Q: What’s long, folds neatly and is utterly unforgettable?
Just about every business communication campaign includes some form of a newsletter – a document that succinctly, accurately and generally (and sometimes fully) communicates who, what, when, where and why something important is happening. Most company newsletters are crafted as the central hub of a campaign to engage and inform audiences.
Sadly, these corporate publications often fail to engage their readers and most never achieve their goal of effectively delivering key messages. The content is usually rock solid . . . but the failure occurs almost immediately on the reader’s end.
Instead of seeing your carefully crafted assembly of useful information, they often see a boring, cautious and dated design. Before they even read one word, your precious communique (that went through 9 rounds of edits and painstaking reviews) slips right into the recycle bin.
How can you blame readers when you realize your newsletter is competing with so much for their undivided attention? (Let’s see, I can read this corporate newsletter or check out the new episode of Game of Thrones, Instagram, or maybe The Voice . . . hmm, I wonder who wins?)
What’s a communicator to do?

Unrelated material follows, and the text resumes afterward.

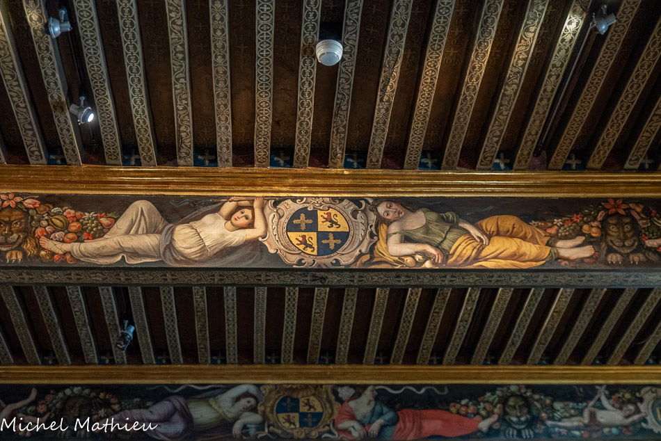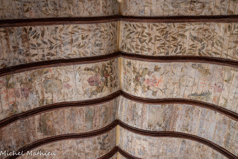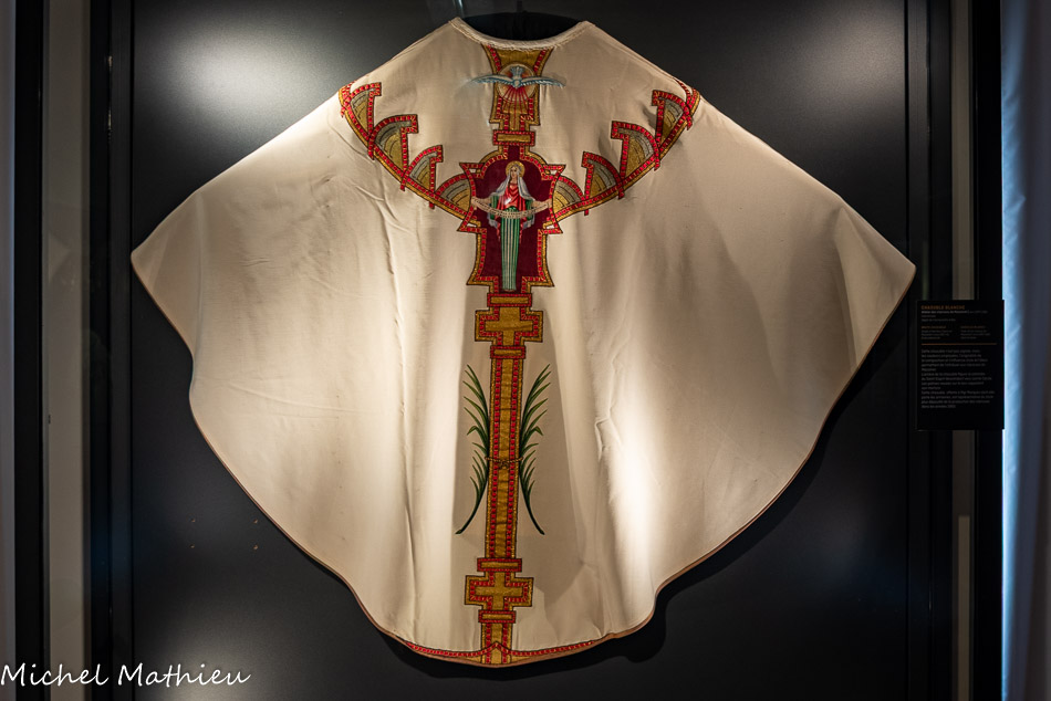 L'arrière de la chasuble figure la colombe du Saint-Esprit descendant vers sainte Cécile. Les palmes nouées sur le bas rappellent son martyre.

Fight back with some innovation. One such approach is to rethink and reorganize the display of information to make it unique from a traditional publication. If you have decided a print piece is needed that summarizes your messages, consider using an accordion-fold sheet of paper for your newsletter to create a new and different way of presenting the information.
Essentially a “dangler” newsletter (so called because it dangles when you hold it up and let it unravel) is a sheet of paper with four or more panels on one side that fold into each other. Each panel can then have its own content, related of course to the general subject at hand. With this approach you are now able to create content in bite-size, easy-to-digest chunks. And you increase engagement because you handed your reader something that truly stands out in a crowd.
So, the next time you huddle with leaders and managers to discuss the strategy about communicating a new issue . . . think about doing something different that your associates might actually read. Try a dangler!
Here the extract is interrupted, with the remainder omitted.